▶ REQUIRED ACTION: Beginning with the first line, return the material verbatim and without pictures.

▶ DATA EXCERPTS:
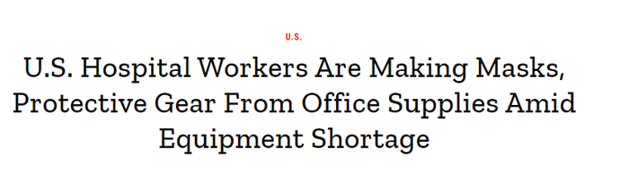 不过,医护人员的防护设备严重短缺在美国已经不是什么“新”闻了。在3月中旬,美国《时代》周刊以及VOX新闻网等媒体,都曾报道过这个问题。其中《时代》周刊的报道就指出,一些地方的医护人员不得不使用从市场里买来的非医用材料自制防护装备了。
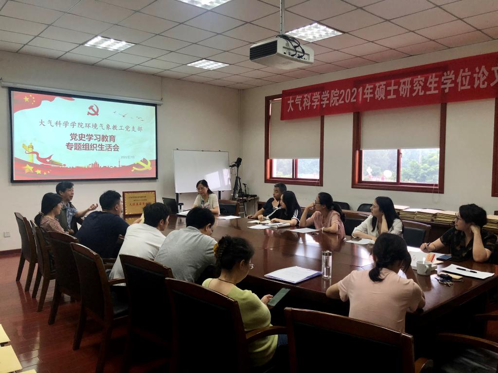 环境气象教工党支部在气象楼310会议室召开了党史学习教育专题组织生活会。会议由党支部书记张小玲主持,支部全体成员参加,学院副院长曾胜兰以普通党员身份参加所在党支部专题组织生活会。
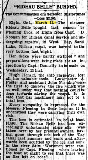 According to an article I found in the Ottawa Journal from March 12, 1895, on Page 7, it states the “THE RIDEAU BELLE BURNS”…Anchored for over-wintering in a bay of Sand Lake on the Rideau system, a fire somehow broke out and burned her hull to the waterline. The Rideau Belle met her final fate on Sand Lake and it seems her service was over, but where did she sink on Sand Lake?
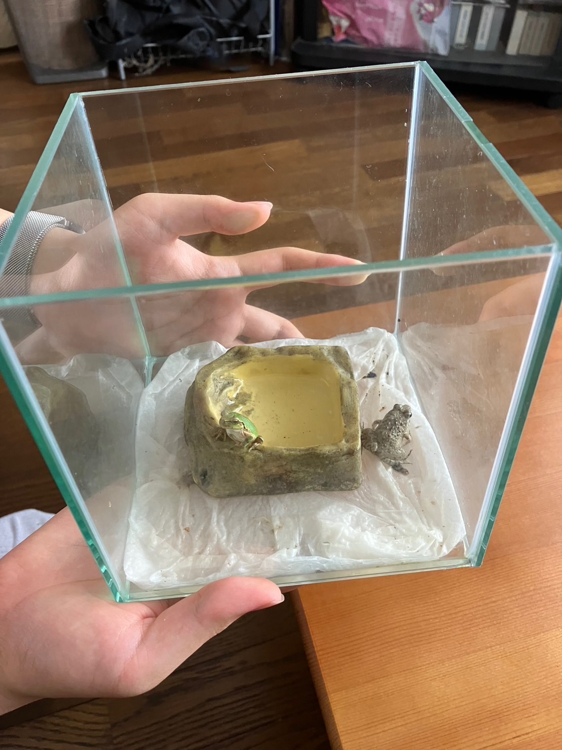 そして、散歩の途中で出会ったカエルを自宅で飼うようになりました。
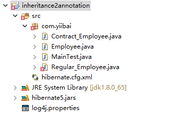 在这个例子中,我们创建了三个类,并在employee.hbm.xml文件中提供了这些类的映射。创建一个项目:inheritance2annotation, 完整的项目结构如下 -
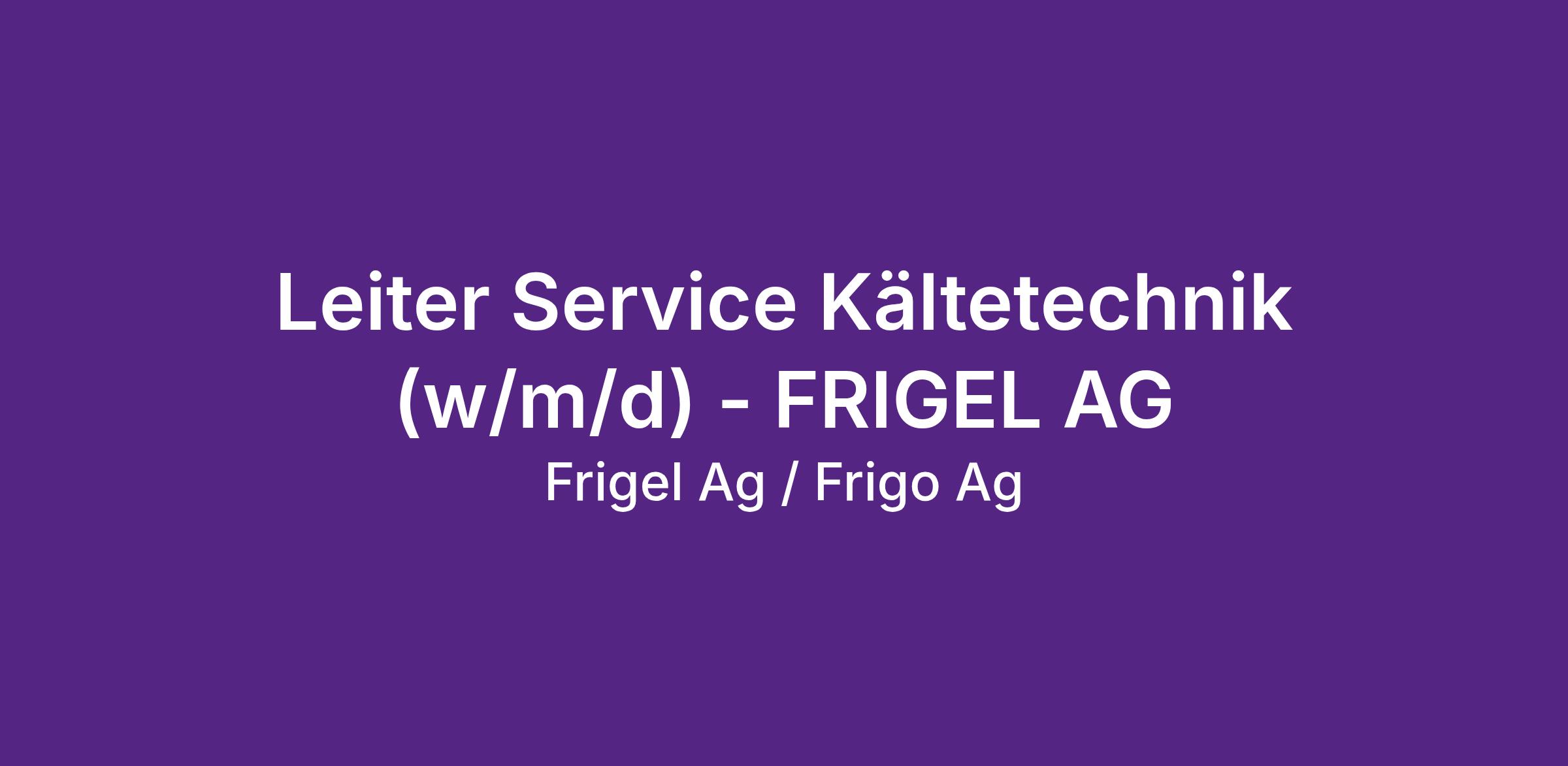 Leiter Service Kältetechnik (w/m/d) - FRIGEL AG
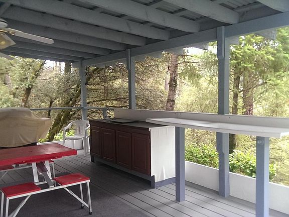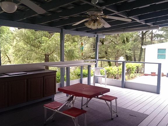 Your little mountain get-a-way in the trees. Over 2 acre parcel with a singlewide mobile that has a stick built addition on it. This property is squeaky clean! Several outbuildings including a large carport cover that has full RV hook-ups. Lot's of nice touches here. Beautiful view off covered patio, outdoor shower, manicured yard & fenced. Must be cash sale, no owner carry or financing available.

▶ THE ANSWER:
 不过,医护人员的防护设备严重短缺在美国已经不是什么“新”闻了。在3月中旬,美国《时代》周刊以及VOX新闻网等媒体,都曾报道过这个问题。其中《时代》周刊的报道就指出,一些地方的医护人员不得不使用从市场里买来的非医用材料自制防护装备了。
 环境气象教工党支部在气象楼310会议室召开了党史学习教育专题组织生活会。会议由党支部书记张小玲主持,支部全体成员参加,学院副院长曾胜兰以普通党员身份参加所在党支部专题组织生活会。
 According to an article I found in the Ottawa Journal from March 12, 1895, on Page 7, it states the “THE RIDEAU BELLE BURNS”…Anchored for over-wintering in a bay of Sand Lake on the Rideau system, a fire somehow broke out and burned her hull to the waterline. The Rideau Belle met her final fate on Sand Lake and it seems her service was over, but where did she sink on Sand Lake?
 そして、散歩の途中で出会ったカエルを自宅で飼うようになりました。
 在这个例子中,我们创建了三个类,并在employee.hbm.xml文件中提供了这些类的映射。创建一个项目:inheritance2annotation, 完整的项目结构如下 -
 Leiter Service Kältetechnik (w/m/d) - FRIGEL AG
 Your little mountain get-a-way in the trees. Over 2 acre parcel with a singlewide mobile that has a stick built addition on it. This property is squeaky clean! Several outbuildings including a large carport cover that has full RV hook-ups. Lot's of nice touches here. Beautiful view off covered patio, outdoor shower, manicured yard & fenced. Must be cash sale, no owner carry or financing available.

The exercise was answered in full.